Arthur Kramer (January 10, 1927 − January 26, 2008) was an American attorney who was the founding partner of law firm Kramer Levin.

==Family==
Kramer's relationship with his brother, playwright Larry Kramer, moved into the public sphere with Larry's 1984 play, The Normal Heart. In the play, Larry portrays Arthur ("Ben Weeks") as more concerned with building his $2 million house in Connecticut than in helping his brother's cause. Humorist Calvin Trillin, a friend of both Larry and Arthur, once called The Normal Heart "the play about the building of [Arthur's] house." Anemona Hartocollis observed in The New York Times that "their story came to define an era for hundreds of thousands of theatergoers."

Arthur, who had been his younger brother's protector against the parents they both disliked, couldn't find it in his heart to reject Larry, but also couldn't accept his homosexuality. This caused years of arguing and stretches of silence between the siblings. In the 1980s, Larry wanted Arthur's firm to represent the fledgling Gay Men's Health Crisis, a nonprofit Larry organized. Arthur said he had to clear it with his firm's intake committee. Larry saw this as a cop-out — rightly, as Arthur said later. Larry called for a gay boycott of MCI, a prominent Kramer Levin client, which Arthur saw as a personal affront. In 1992, Colorado voters passed Amendment 2, an anti-gay rights referendum, and Arthur refused to cancel a ski trip to Aspen.

Throughout their disagreements, they still stayed close, remaining each other's touchstones. Larry writes of their relationship in The Normal Heart: "The brothers love each other a great deal; [Arthur's] approval is essential to [Larry]."

In 2001, Arthur gave Yale University a $1 million grant to establish the Larry Kramer Initiative for Lesbian and Gay Studies, a program focusing on gay history.

==Later life and death==
Kramer retired from the firm in 1996. He was found alone by a ski patrol in Sun Valley, Idaho on January 13, 2008. He ultimately died from a stroke on January 26 in New York City. He was 81 when he died, having lived in Stamford, Connecticut.

==Kramer life insurance litigation==
In mid-2005, Kramer, then aged 78, applied for seven insurance policies from three different insurance companies, with a total value of $56.2 million. Arthur had sought a way to provide additional support and gifts to his children during his lifetime, and this action followed his considering a series of life insurance strategies over a period of two years.

He created a pair of insurance trusts to own these policies, and designated his three adult children, Andrew Kramer, Rebecca Kramer, and Liza Kramer, as the trusts' beneficiaries. Shortly after the policies were issued, before Arthur had paid the first premiums on any of the policies, he directed his children to sell their interests in the trusts to outside life settlement investors for $660,000, slightly over one per cent of the policies' worth.

Less than three years later, following Arthur's death in early 2008, his wife, Alice Kramer, who was the executor of his estate, filed suit in New York federal court, claiming that she, rather than the investors, was entitled to the $56.2 million death benefit. She claimed that Arthur, by taking out the policies and having them resold to investors, violated New York State insurable interest law; thus, the sale to the investors should be retroactively voided.

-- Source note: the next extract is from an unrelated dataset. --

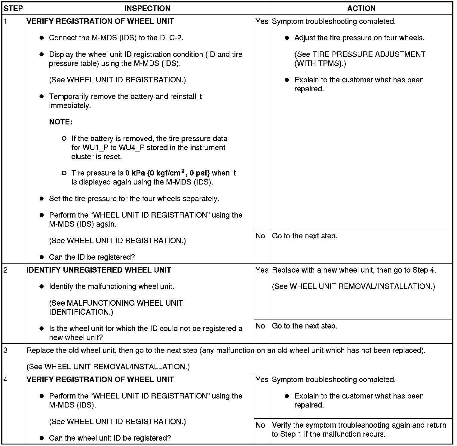 - Activate the wheel unit ID registration mode using the M-MDS (IDS), and perform the following steps if the tire pressure monitoring system warning light does not turn off after driving at 25 km/h {16 mph} or more for 10 min or more.
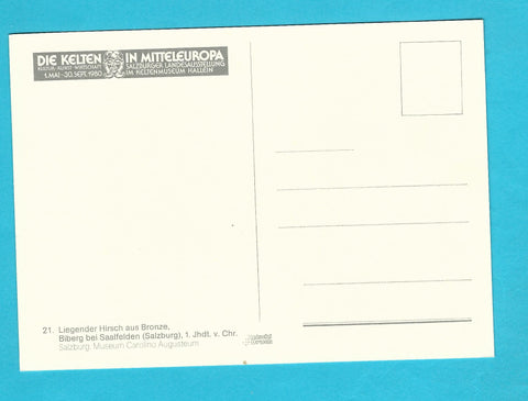 AK Keltenmuseum Hallein. Kelten in Mitteleuropa. Salzburger Landesaussstellung 1980. 21. Liegender Hirsch aus Bronze. Biberg bei Saalfelden 1. Jh. v. Chr. Salzburg Museum Carolino Augusteum. Ungelaufen. Großformat. Zustand: Knick am oberen Rand.

After over two years of contentious litigation, the New York Court of Appeals decided against Alice Kramer, ruling that New York insurance law allowed her husband and children to sell his insurance policies immediately after issuance to whomever they wished, provided they acted without coercion and were not subject to any nefarious influence. Her lawyer had argued that the estate's claim to the $56.2 million benefit would not result in a "windfall" to the family, but rather would "send a message" to insurance policy investors not to engage in these types of transactions.

The Kramer decision was hailed throughout the United States as a victory for the life settlement industry and as a blow to "overreaching" families wishing to undo the insurance planning of their deceased relations.